INTERVIEW SUD RADIO - Canicule, budget 2027, fin de vie : Philippe Juvin, député LR des Hauts-de-Seine, rapporteur général du Budget, chef du service des Urgences de l'Hôpital Pompidou, était “L’invité politique” sur Sud Radio.

philippe juvin
Philippe Juvin, interviewé par Jean-François Achilli sur Sud Radio, le 23 juin 2026, dans “L’invité politique”.

Canicule, situation dans les services d’urgences, climatisation des hôpitaux, dérapage du déficit public, dysfonctionnements numériques de l’administration, loi sur la fin de vie et élection présidentielle de 2027. Au micro de Sud Radio, Philippe Juvin a répondu aux questions de Jean-François Achilli.

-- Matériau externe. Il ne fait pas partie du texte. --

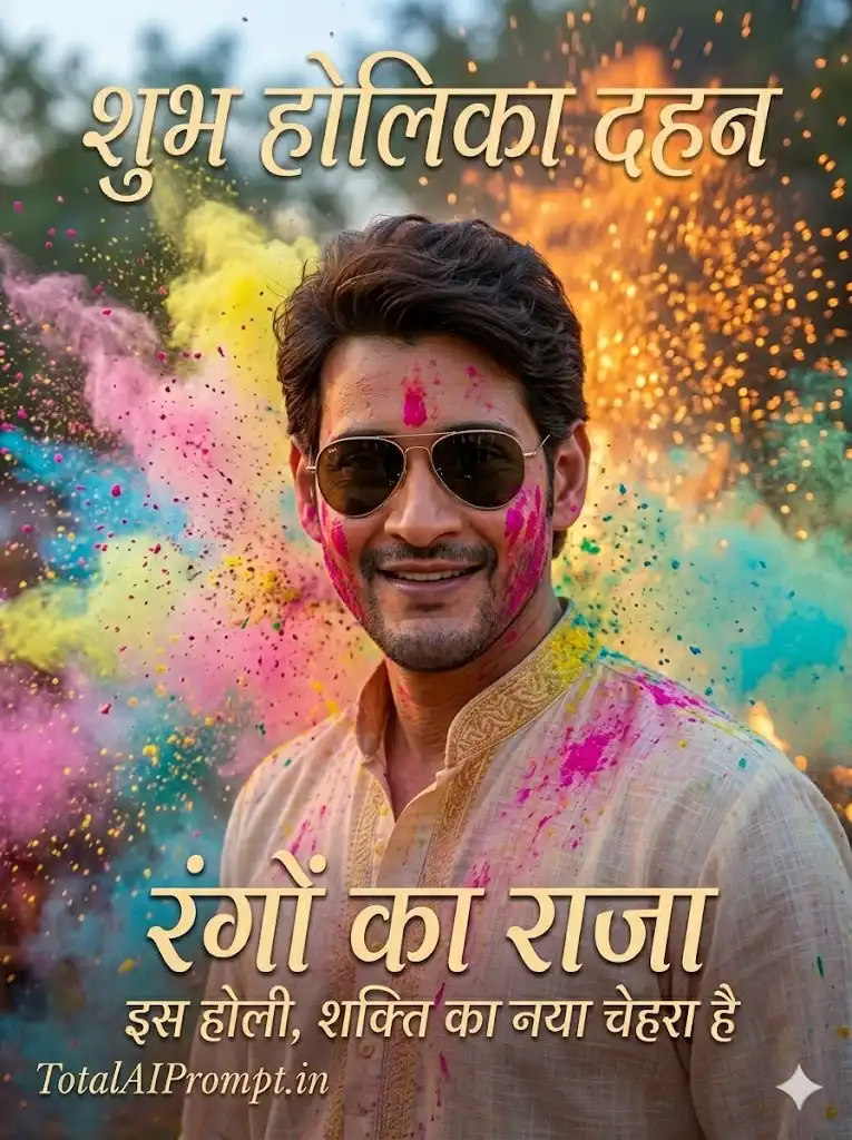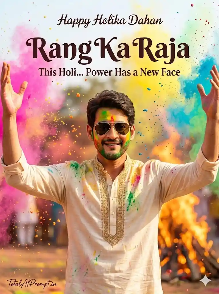 [CORE FACE FIDELITY COMMAND]: The subject’s face must be an absolute, unedited replicate of the provided reference photo, preserving every single detail of the natural beard, eye structure, facial symmetry, and skin texture. The multi-colored green, yellow, pink, and orange powder marks on his face and beard must be maintained precisely and authentically, exactly as seen in the reference image. Preserve the specific aviator sunglasses from image_7.png but incorporate the face markings from image_8.png. Natural, spontaneous smile, not forced.[IMAGE DESIGN & STYLE]: 3:4 vertical dimension action portrait. Vivid, high-energy festival photography captured on a premium DSLR with rapid shutter burst. Natural color grading and balanced high contrast. 100% photographic authenticity with zero CGI or plastic smoothness.[CHARACTER & ATTIRE]: The subject, wearing the exact textured cream-colored kurta with gold embroidery on the collar from image_7.png, stands centered, directly facing the camera with his knowing, gentle expression. His hands are raised and wide, identical to the pose in image_8.png, with one hand open-palmed toward the sky and the other forward.[ENVIRONMENT & EFFECTS]: A huge, dynamic explosion of multicolored Holi gulal powder (pink, yellow, blue, green) erupting dynamically around the subject, frozen in mid-air. Countless sparks and glowing embers from a distant Holika Dahan bonfire, identical in intensity and color to image_5.png, are mixed in, adding warmth and flying context.[LIGHTING ARCHITECTURE]: Natural, crisp midday daylight filtering through the dust cloud, combined with dramatic golden-orange reflections of the massive Holika Dahan bonfire, identical to image_5.png, filtering through the dust. High dynamic range.[ENGLISH TEXT VERBATIM]: All text must be in English. At the very top, the text “Happy Holika Dahan” in script and serif fonts. Replacing all other text from image_8.png, place “Rang Ka Raja” (verbatim from image_7.png) centered in a large stylized font, and below it, the text “This Holi… Power Has a New Face” (verbatim from image_7.png).[FRAMING & NEGATIVE PROMPT]: Medium close-up action portrait with eye-level perspective using an 85mm prime portrait lens equivalent. Razor-sharp focus on the face and the texture of the kurta collar. No facial alterations, over-saturation, cartoon effects, or distorted anatomy.[BRANDING ELEMENT]: Embed the text “TotalAIPrompt.in” in the lower-left corner. Use a refined, thin handwritten signature-style typography, small size, subtle premium elegance, in soft off-white or white color.

Canicule : "Marine Le Pen a raison, il faut un grand plan clim, ça sauve des vies"

Jean-François Achilli pour Sud Radio : Les urgences de l’Hôpital européen Georges-Pompidou tiennent-elles face à la canicule ?
Philippe Juvin : “Les urgences tiennent, mais elles doivent principalement prendre en charge deux catégories de patients. Nous accueillons des personnes âgées déshydratées, qui ne boivent pas suffisamment, qui sont parfois seules et dont les pathologies se décompensent. Nous voyons également arriver des patients très jeunes, âgés de 20 à 30 ans, qui ont fait du sport malgré la chaleur et se trouvent en situation d’hyperthermie. Je suis frappé de constater que, malgré les messages d’alerte, certains continuent à faire des efforts physiques lorsqu’il fait près de 40 degrés.”

Les services d’urgences sont-ils submergés par cet épisode de fortes chaleurs ?
“Je ne sais pas exactement ce que signifie le mot submersion dans ce contexte, mais les jours qui viennent seront difficiles. Chaque année, les urgences sont confrontées à une vague de froid en hiver et à une vague de chaleur en été. Cela montre que notre système de santé est devenu, d’une certaine manière, inadapté à la population et qu’il est également mal utilisé. Beaucoup de personnes se rendent aux urgences alors qu’elles devraient pouvoir consulter leur médecin traitant.”

Quel message adressez-vous aux jeunes qui souhaitent continuer à faire du sport pendant la canicule ?
“Ce n’est certainement pas le moment d’aller faire un footing lorsque les températures sont aussi élevées. Des jeunes arrivent aux urgences très déshydratés, avec des nausées et des vomissements, après avoir fait des efforts physiques. Le problème n’est pas seulement qu’ils sollicitent les urgences, mais surtout qu’ils se mettent eux-mêmes en danger. Il existe un risque réel d’accident grave, voire de décès, lors d’un effort intense sous une chaleur extrême.”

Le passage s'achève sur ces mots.